The session-topper is one of 14 yearlings by Mo Town to have sold so far at the September sale for a total of $1,916,000. The Coolmore stallion also had fillies sell for $275,000 (hip 1905) and $255,000 (hip 1014) and a colt sell for $200,000 (hip 2118).

Ten Broeck Farm Back for More Munnings

David Mowat’s Ten Broeck Farm, which has enjoyed Grade I success with Kimari (Munnings), added another daughter of the Coolmore stallion to its roster when bloodstock agent Ben McElroy signed the ticket at $400,000 on hip 2163 Monday at Keeneland.

“She was the spitting image of Kimari as a yearling,” McElroy said. “I saw her yesterday and she was the one we had to have.

We tried on a couple of fillies yesterday and got outbid, but since I saw her yesterday, I always had a preference for this filly.”

McElroy signed the ticket at $152,00 to acquire Kimari at the 2018 Fasig-Tipton July sale. The bay filly, second in Royal Ascot engagements in the 2019 G2 Queen Mary S. and 2020 G1 Commonwealth Cup, earned her top-level success in the GI Madison S. in April for trainer Wesley Ward.

Hip 2163 was bred by Gail Radke’s Asiel Stable and was consigned by Lane’s End. She is out of Vitae (Awesome Again), a daughter of multiple stakes winner Bonita Meadow (Meadowlake) and a half-sister to multiple stakes winner Meadow Bride (Runaway Groom).

“When she walked in the back walking ring, she was all class,” McElroy said. “She’s a May foal and there is a lot to look forward to.”

Asked who would train the filly, McElroy said, “We will probably stick to the same plan as Kimari.”

Practical Joke Colt Continues Strong Sale for O’Callaghan

Peter O’Callaghan’s Woods Edge Farm has had a bang-up Keeneland September sale, led by a mixture of popular homebreds and prescient pinhook prospects. The consignment had another strong session Monday with a colt by Practical Joke (hip 2070) bringing $285,000 to top the operation’s returns on the day. The bay yearling was purchased by O’Callaghan for $110,000 at last year’s Fasig-Tipton November sale.

“He is an outstanding physical,” O’Callaghan said. “He was a real powerhouse of a foal and a very good representation of Practical Joke. You’d see a lot of Practical Joke in him, but you’d also see Elusive Quality–those really good Elusive Qualitys who are big, masculine horses. And he was exactly one of those. We had all sorts of interest in him at the sale and he sold accordingly.”

Beyond the popular pinhook, Woods Edge was strong throughout the Book 4 opener Monday as demand continued to be high.

“We’ve had a bonanza of a day,” O’Callaghan said. “We got $230,000 for a homebred Bolt d’Oro filly with a $79,000 reserve. We got $200,000 for a Mo Town colt with a $59,000 reserve and $150,000 for a Goldencents who was the second horse in the ring.
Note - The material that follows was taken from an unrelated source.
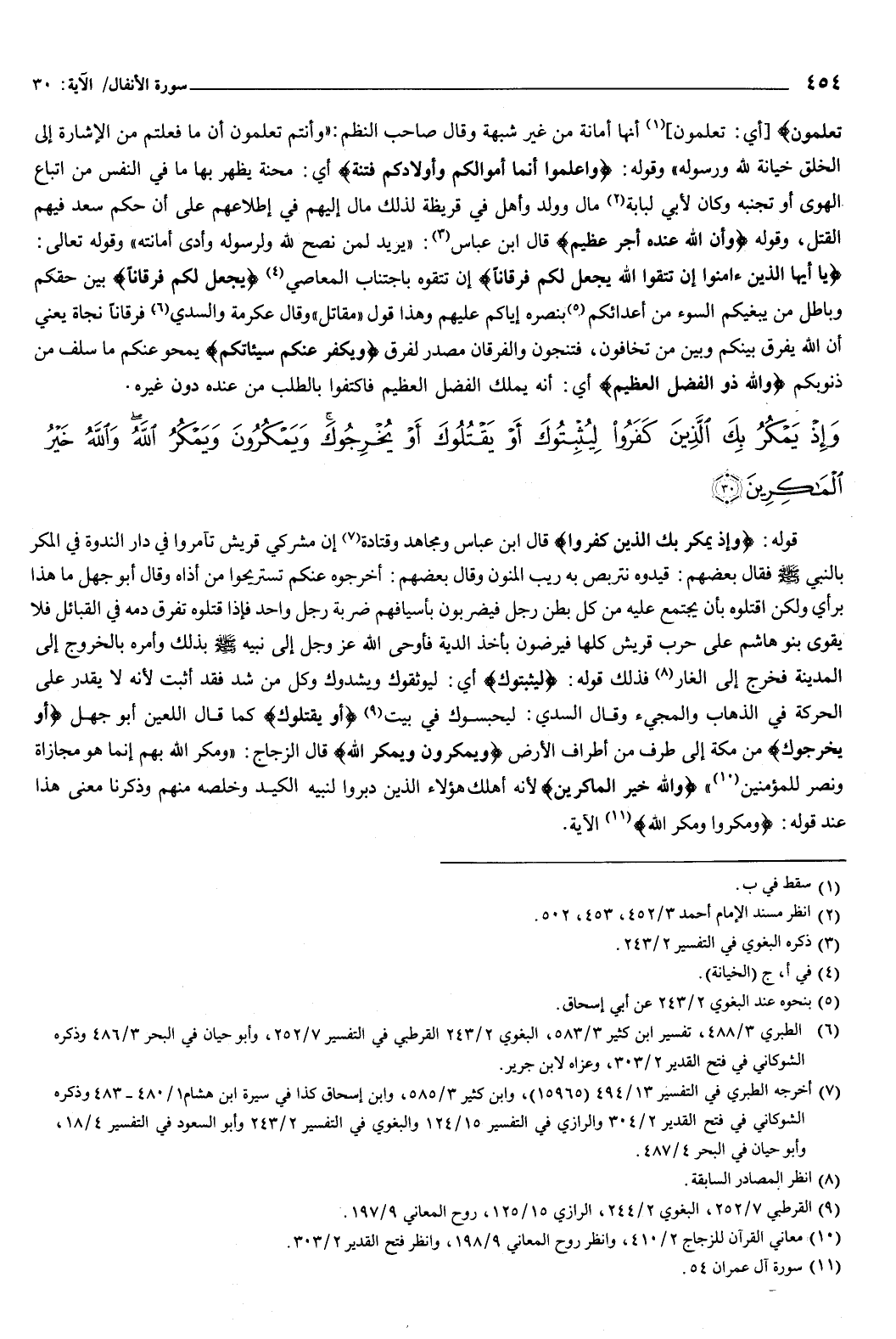 {وَإِذْ يَمْكُرُ بِكَ الَّذِينَ كَفَرُوا لِيُثْبِتُوكَ أَوْ يَقْتُلُوكَ أَوْ يُخْرِجُوكَ وَيَمْكُرُونَ وَيَمْكُرُ اللَّهُ وَاللَّهُ خَيْرُ الْمَاكِرِينَ} [الأنفال: 30] قوله: {وَإِذْ يَمْكُرُ بِكَ الَّذِينَ كَفَرُوا} [الأنفال: 30] قال ابن عباس، ومجاهد، وقتادة: إن مشركي قريش تآمروا في دار الندوة في المكر بالنبي صَلَّى اللهُ عَلَيْهِ وَسَلَّمَ، فقال بعضهم: قيدوه نتربص به ريب المنون.
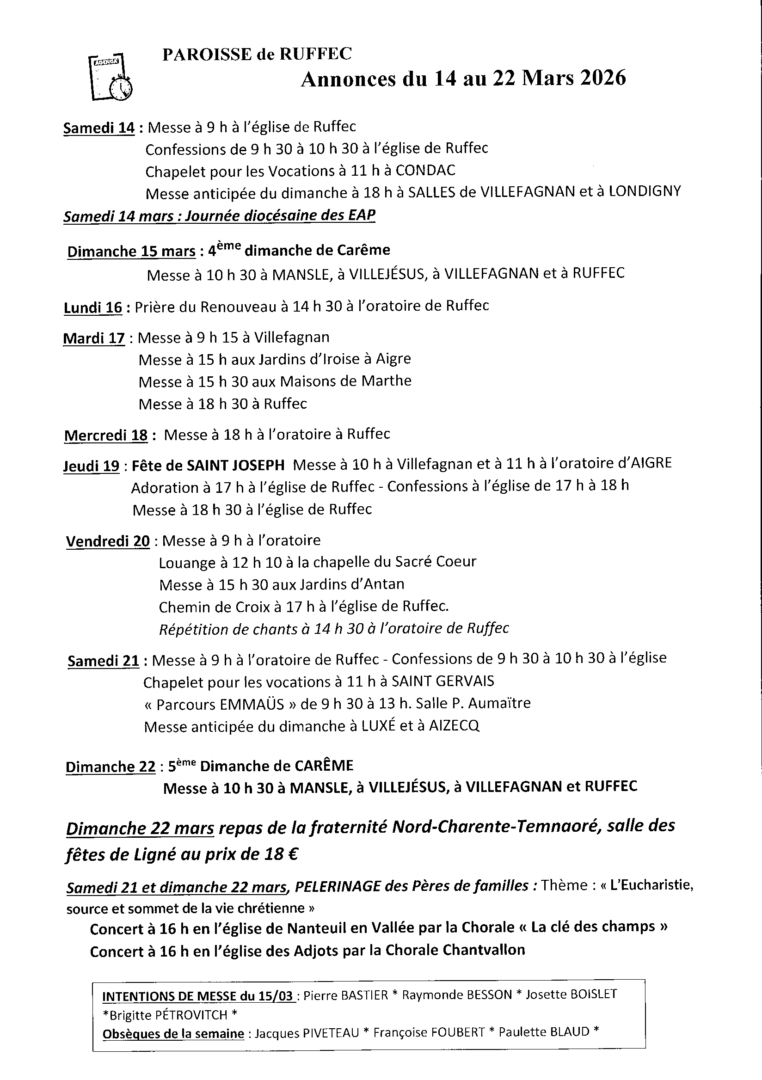 ANNONCES DU 14 AU 22 Mars 2026

We didn’t sell two in the ring, but we sold one shortly after and then the other one will be sold soon, I’d imagine.”

Woods Edge, which had homebred success with a $1.05-million son of City of Light, has sold 34 yearlings through the first week of the September sale for $9,815,000.

“It’s been a great sale,” O’Callaghan said. “We had a very strong crop of horses this year, the homebreds and the bought foals. It was a good mix of horses. We weren’t in on the foals too deep, our spending was way down last year. It all fit in just right. We are breeding a lot more of them now, so we don’t have to chase [the foals] as hard. I still like to buy them and we need to buy them. There is just no fun in these $300,000 foals. You have to keep it to where enough people can bid for them. But everyone is trying to do that. We are all trying to do that and everyone knows it. It’s up to ourselves to be disciplined.”